# [WHAT IS NEEDED]
Go to the line that contains "Preparing Smash Burger" in the listing below, then output it and every line after it exactly, omitting pictures.

[DATA BELOW Boundary: Start]

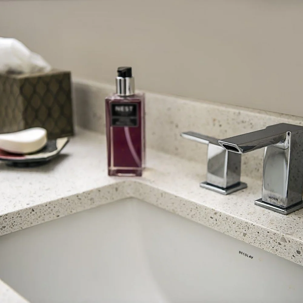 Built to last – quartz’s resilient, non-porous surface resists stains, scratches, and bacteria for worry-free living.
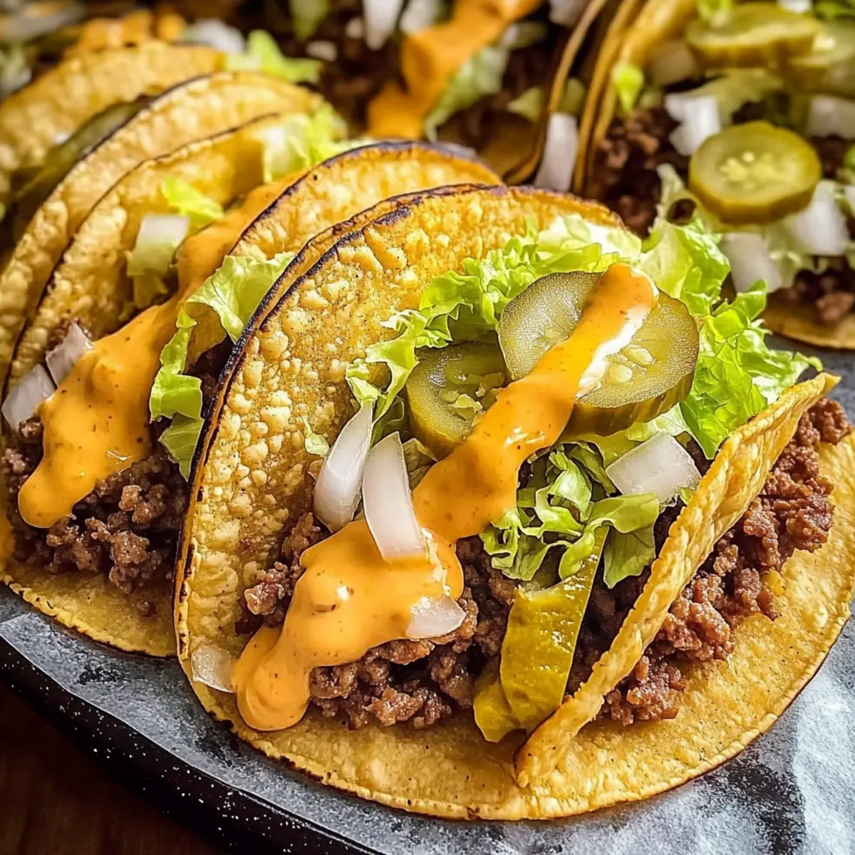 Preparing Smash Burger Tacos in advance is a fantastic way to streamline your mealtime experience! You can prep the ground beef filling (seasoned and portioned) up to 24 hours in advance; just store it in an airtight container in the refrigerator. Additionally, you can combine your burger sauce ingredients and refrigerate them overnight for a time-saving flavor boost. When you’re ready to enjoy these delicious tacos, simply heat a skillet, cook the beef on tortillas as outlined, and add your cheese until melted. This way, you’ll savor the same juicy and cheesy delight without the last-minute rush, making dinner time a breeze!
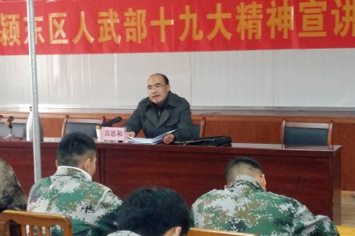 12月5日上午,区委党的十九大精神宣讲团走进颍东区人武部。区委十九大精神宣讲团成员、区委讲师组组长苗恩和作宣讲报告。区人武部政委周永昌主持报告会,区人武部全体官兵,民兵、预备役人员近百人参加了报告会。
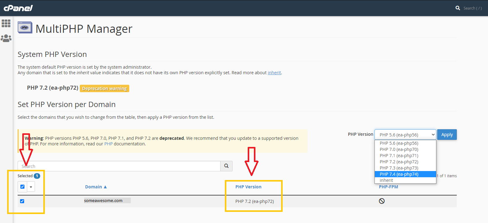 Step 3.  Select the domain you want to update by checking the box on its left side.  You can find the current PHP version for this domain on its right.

[DATA BELOW Boundary: End]

# [RESULT]
 Preparing Smash Burger Tacos in advance is a fantastic way to streamline your mealtime experience! You can prep the ground beef filling (seasoned and portioned) up to 24 hours in advance; just store it in an airtight container in the refrigerator. Additionally, you can combine your burger sauce ingredients and refrigerate them overnight for a time-saving flavor boost. When you’re ready to enjoy these delicious tacos, simply heat a skillet, cook the beef on tortillas as outlined, and add your cheese until melted. This way, you’ll savor the same juicy and cheesy delight without the last-minute rush, making dinner time a breeze!
 12月5日上午,区委党的十九大精神宣讲团走进颍东区人武部。区委十九大精神宣讲团成员、区委讲师组组长苗恩和作宣讲报告。区人武部政委周永昌主持报告会,区人武部全体官兵,民兵、预备役人员近百人参加了报告会。
 Step 3.  Select the domain you want to update by checking the box on its left side.  You can find the current PHP version for this domain on its right.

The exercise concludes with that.